→ Brief: Pictures stay out; print the rest of the listing below exactly as it stands.

→ Dataset extract:

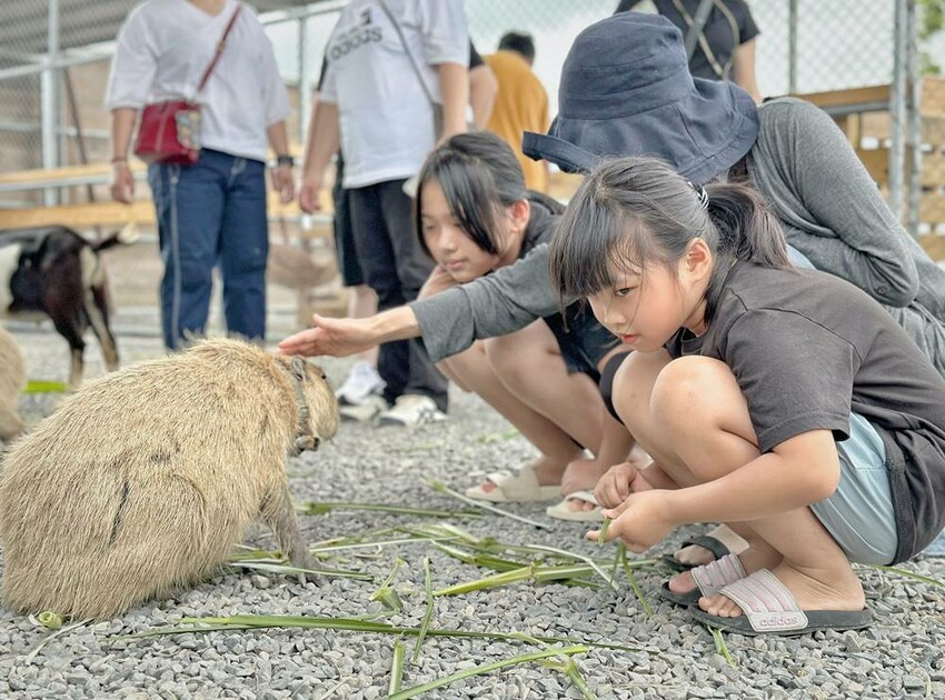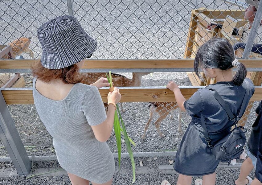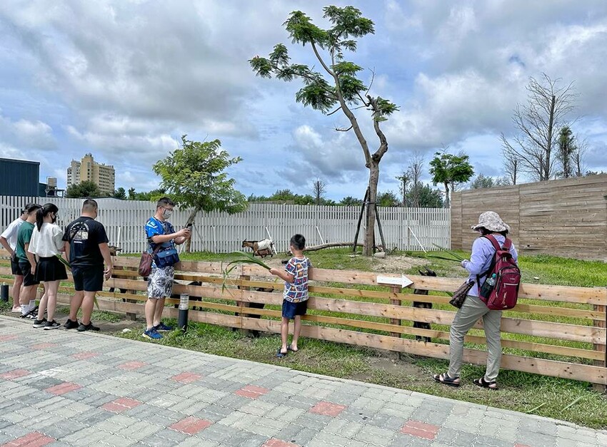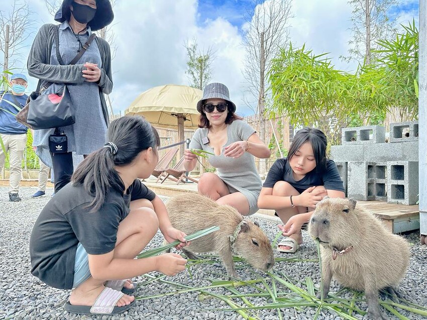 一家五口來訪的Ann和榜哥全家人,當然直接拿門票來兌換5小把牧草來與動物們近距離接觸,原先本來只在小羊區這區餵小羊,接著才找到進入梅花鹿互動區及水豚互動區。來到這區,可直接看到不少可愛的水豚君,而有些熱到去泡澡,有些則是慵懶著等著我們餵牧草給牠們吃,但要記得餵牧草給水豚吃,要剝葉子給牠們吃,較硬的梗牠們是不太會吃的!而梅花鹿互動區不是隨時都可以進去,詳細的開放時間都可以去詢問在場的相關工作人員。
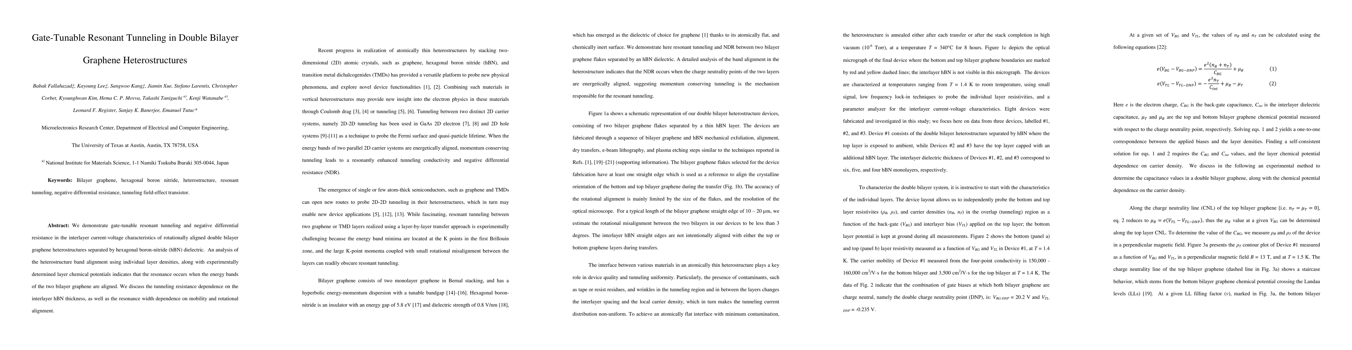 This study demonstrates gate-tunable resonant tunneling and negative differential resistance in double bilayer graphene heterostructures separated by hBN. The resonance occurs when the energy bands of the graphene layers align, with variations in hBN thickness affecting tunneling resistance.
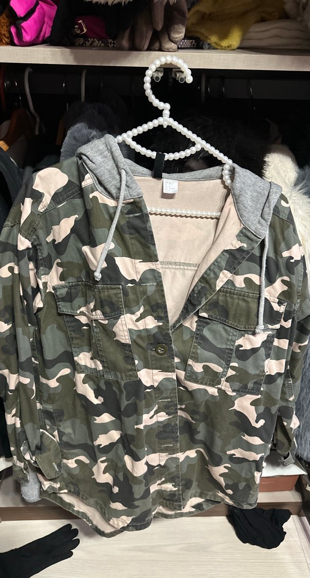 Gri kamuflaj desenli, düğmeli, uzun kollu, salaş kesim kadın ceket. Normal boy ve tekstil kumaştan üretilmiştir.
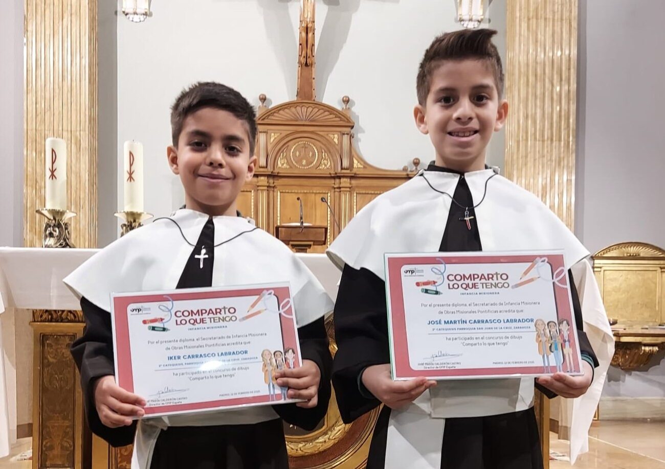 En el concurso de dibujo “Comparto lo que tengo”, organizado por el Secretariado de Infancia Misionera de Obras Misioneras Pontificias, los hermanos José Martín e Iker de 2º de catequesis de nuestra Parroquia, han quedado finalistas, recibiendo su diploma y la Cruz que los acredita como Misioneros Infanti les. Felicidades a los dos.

→ Answer for the task:
 一家五口來訪的Ann和榜哥全家人,當然直接拿門票來兌換5小把牧草來與動物們近距離接觸,原先本來只在小羊區這區餵小羊,接著才找到進入梅花鹿互動區及水豚互動區。來到這區,可直接看到不少可愛的水豚君,而有些熱到去泡澡,有些則是慵懶著等著我們餵牧草給牠們吃,但要記得餵牧草給水豚吃,要剝葉子給牠們吃,較硬的梗牠們是不太會吃的!而梅花鹿互動區不是隨時都可以進去,詳細的開放時間都可以去詢問在場的相關工作人員。
 This study demonstrates gate-tunable resonant tunneling and negative differential resistance in double bilayer graphene heterostructures separated by hBN. The resonance occurs when the energy bands of the graphene layers align, with variations in hBN thickness affecting tunneling resistance.
 Gri kamuflaj desenli, düğmeli, uzun kollu, salaş kesim kadın ceket. Normal boy ve tekstil kumaştan üretilmiştir.
 En el concurso de dibujo “Comparto lo que tengo”, organizado por el Secretariado de Infancia Misionera de Obras Misioneras Pontificias, los hermanos José Martín e Iker de 2º de catequesis de nuestra Parroquia, han quedado finalistas, recibiendo su diploma y la Cruz que los acredita como Misioneros Infanti les. Felicidades a los dos.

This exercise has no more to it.